[MATERIAL PROVIDED — start]

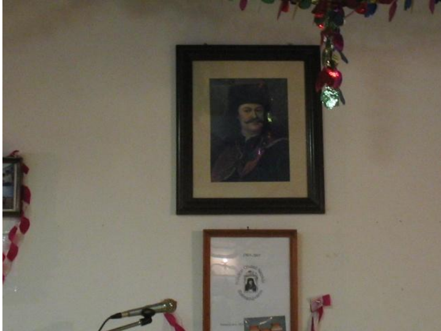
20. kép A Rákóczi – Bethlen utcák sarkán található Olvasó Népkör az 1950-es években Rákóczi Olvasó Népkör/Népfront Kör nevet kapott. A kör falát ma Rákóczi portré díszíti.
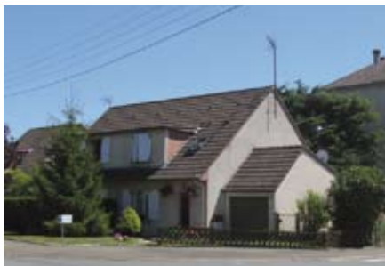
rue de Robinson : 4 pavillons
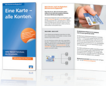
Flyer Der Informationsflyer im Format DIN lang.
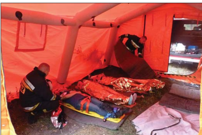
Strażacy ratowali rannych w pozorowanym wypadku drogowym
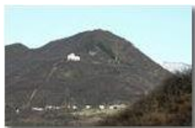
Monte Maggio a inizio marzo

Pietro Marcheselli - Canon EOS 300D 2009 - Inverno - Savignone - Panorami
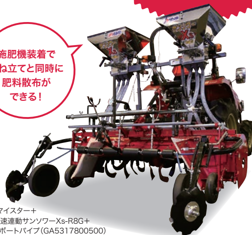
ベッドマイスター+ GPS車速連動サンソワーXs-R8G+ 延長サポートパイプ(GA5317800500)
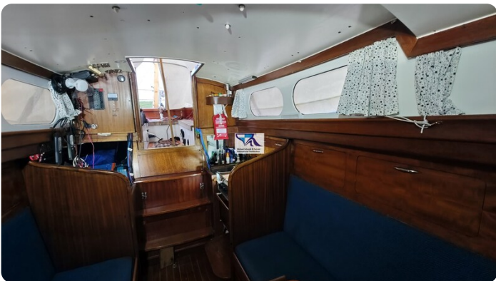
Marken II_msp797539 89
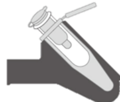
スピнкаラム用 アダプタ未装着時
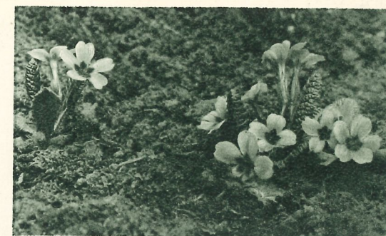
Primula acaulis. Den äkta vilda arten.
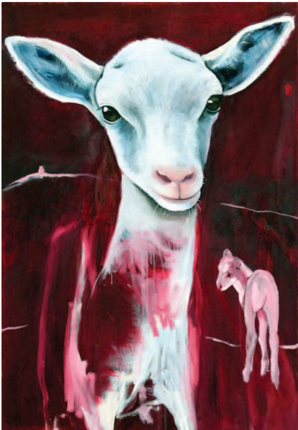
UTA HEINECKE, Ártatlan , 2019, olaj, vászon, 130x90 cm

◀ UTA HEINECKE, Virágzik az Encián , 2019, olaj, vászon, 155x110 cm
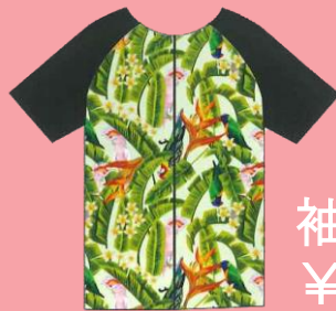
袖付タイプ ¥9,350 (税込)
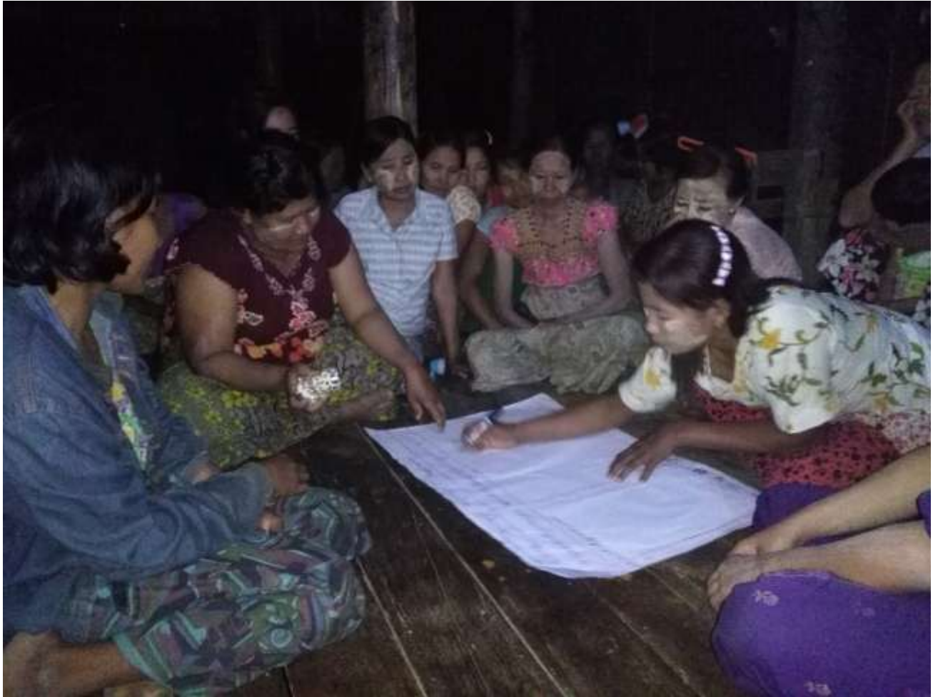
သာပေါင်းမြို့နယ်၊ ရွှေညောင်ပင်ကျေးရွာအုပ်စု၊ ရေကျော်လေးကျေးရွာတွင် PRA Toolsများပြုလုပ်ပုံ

[MATERIAL PROVIDED — finish]

Pictures are to be left out; otherwise, copy exactly each line from the one containing "Flyer Der Informationsflyer" through the last line of the listing.

- **RESPONSE BELOW**
Flyer Der Informationsflyer im Format DIN lang.
Strażacy ratowali rannych w pozorowanym wypadku drogowym
Monte Maggio a inizio marzo

Pietro Marcheselli - Canon EOS 300D 2009 - Inverno - Savignone - Panorami
ベッドマイスター+ GPS車速連動サンソワーXs-R8G+ 延長サポートパイプ(GA5317800500)
Marken II_msp797539 89
スピнкаラム用 アダプタ未装着時
Primula acaulis. Den äkta vilda arten.
UTA HEINECKE, Ártatlan , 2019, olaj, vászon, 130x90 cm

◀ UTA HEINECKE, Virágzik az Encián , 2019, olaj, vászon, 155x110 cm
袖付タイプ ¥9,350 (税込)
သာပေါင်းမြို့နယ်၊ ရွှေညောင်ပင်ကျေးရွာအုပ်စု၊ ရေကျော်လေးကျေးရွာတွင် PRA Toolsများပြုလုပ်ပုံ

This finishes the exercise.